NS records are the glue. The root zone holds NS records for every TLD: com NS a.gtld-servers.net. The .com zone holds NS records for every domain registered under it: example.com NS dns1.example.com. The example.com zone holds the actual A, AAAA, MX, TXT records. A recursive resolver walking down the tree follows the NS chain at every step.

Delegation explains why DNS is decentralised in practice even though it has a single root. The root operators run the root zone. ICANN delegates TLDs to registries (Verisign for .com and .net; PIR for .org; .DEV is Google Registry). Registrars sell domains under those TLDs. The owner of example.com runs (or pays someone to run) the authoritative servers for that zone, and controls every record under it. No single party can change example.com's records without holding the credentials at the registrar.

The thirteen root servers — anycast, not single boxes

A through M, hundreds of instances each.

There are thirteen root server identities, named a.root-servers.net through m.root-servers.net. Each identity is operated by a different organisation: Verisign runs A and J; USC-ISI runs B; Cogent runs C; the University of Maryland runs D; NASA Ames runs E; Internet Systems Consortium runs F; and so on through RIPE NCC, Netnod, Verisign again, ICANN, US Army Research Lab, WIDE Project. The list at root-servers.org is public.

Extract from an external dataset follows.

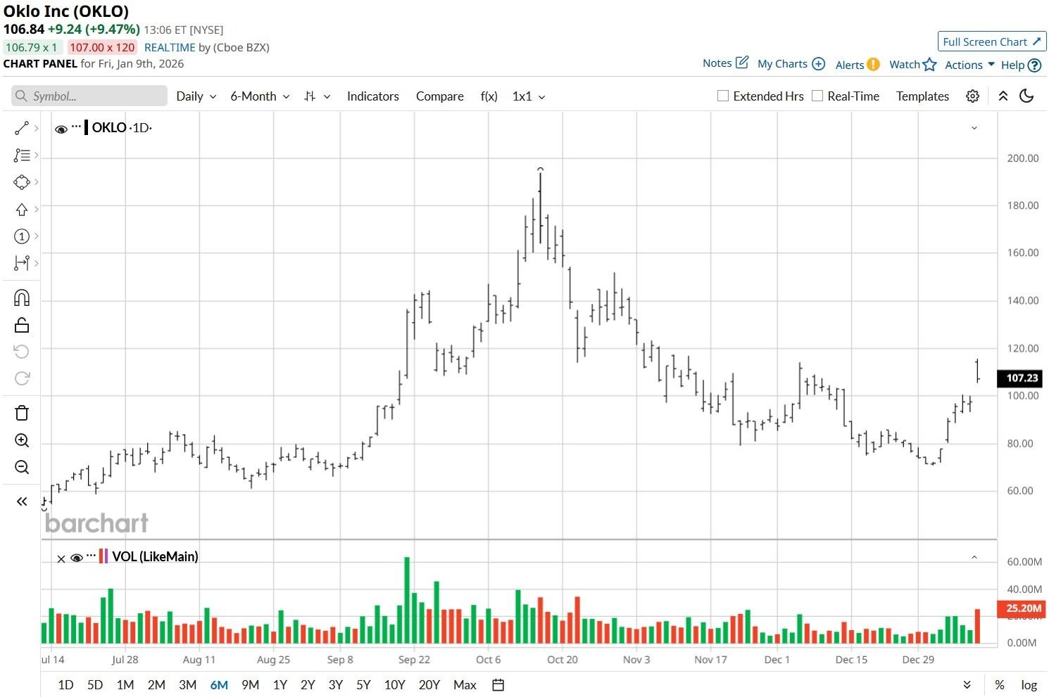 Oklo (OKLO) shares soared as much as 20% on Jan. 9 after hyperscaler Meta Platforms (META) agreed to support development of a 1.2-gigawatt nuclear power campus in Pike County, Ohio.

The "thirteen" is a packet-size limit. RFC 1035 caps DNS over UDP at 512 bytes, and the root NS records plus their A records (later AAAA records) need to fit in a single response. Thirteen is the largest count that fits. EDNS (RFC 6891) lifted the cap to 4096 bytes in 1999, but the thirteen-identity tradition stayed.

Each identity is not a single machine. Through BGP anycast (RFC 4786), every identity is advertised from hundreds of physical instances worldwide. A query to k.root-servers.net is routed to whichever instance is closest in BGP terms — usually in the same metro as the querying resolver. The root-servers.org map counts well over a thousand root server instances combined. The root system handles tens of billions of queries per day, mostly answered in single-digit milliseconds, mostly cacheable.

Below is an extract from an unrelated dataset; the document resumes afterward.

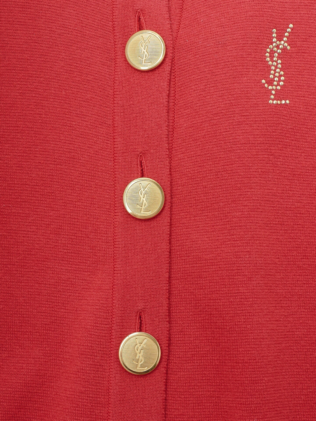 Crafted from a premium blend of 55% cotton and 45% rayon, this cardigan offers a soft and breathable fit, perfect for layering or wearing solo. The stunning red color adds a vibrant pop to your ensemble, while the iconic SAINT LAURENT logo button detail showcases your impeccable taste in high-end fashion.

This is also why no one has "taken down DNS" by attacking root servers. The 2002 and 2007 attacks on the root nominally hit named identities but failed to disrupt service: anycast means the actual servers are spread across hundreds of locations, and the per-query work is trivial because nearly every recursive resolver in the world caches root NS records for two days at a time.

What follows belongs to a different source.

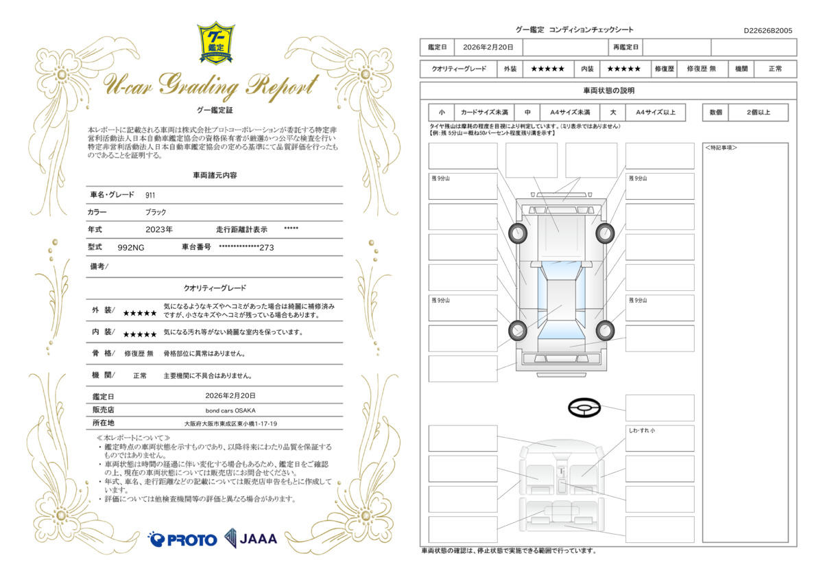 | 車両状態評価書 | ※クリックすると開きます![]() |

Record types — A, AAAA, CNAME, MX, TXT, NS, SOA, CAA

What lives at a name.

A DNS query carries a name and a record type. The type tells the resolver which record to return. The major types and what they're for:

Type	Maps name to	Used for
A	IPv4 address	web, generic IPv4 services
AAAA	IPv6 address	IPv6 services, dual-stack hosts
CNAME	another name (alias)	CDN front ends; pointing one name at another
MX	mail server name + priority	SMTP routing
TXT	arbitrary text	SPF, DKIM, domain ownership proofs
NS	name server for a zone	delegation
SOA	start-of-authority for a zone	zone metadata, refresh intervals, negative TTL
CAA	certificate authority allowed	restricts which CAs may issue for the name
PTR	reverse lookup IP → name	logs, sender reputation
SRV	service host + port	SIP, XMPP, internal service discovery
DS / DNSKEY / RRSIG	DNSSEC signatures	chain-of-trust validation

The CNAME record is unusual: it returns another name instead of an address. Resolvers follow the chain transparently. The CDN industry depends on this — www.example.com CNAME example.cdn-provider.net means every lookup for the customer's name eventually hits the CDN's authoritative servers, which return a latency-optimised A record per client geography. CNAME chains have a rule: a name with a CNAME record cannot also hold other record types, which is why the apex of a zone (example.com, no www) can't be CNAMEd — it must hold the SOA and NS records of the zone.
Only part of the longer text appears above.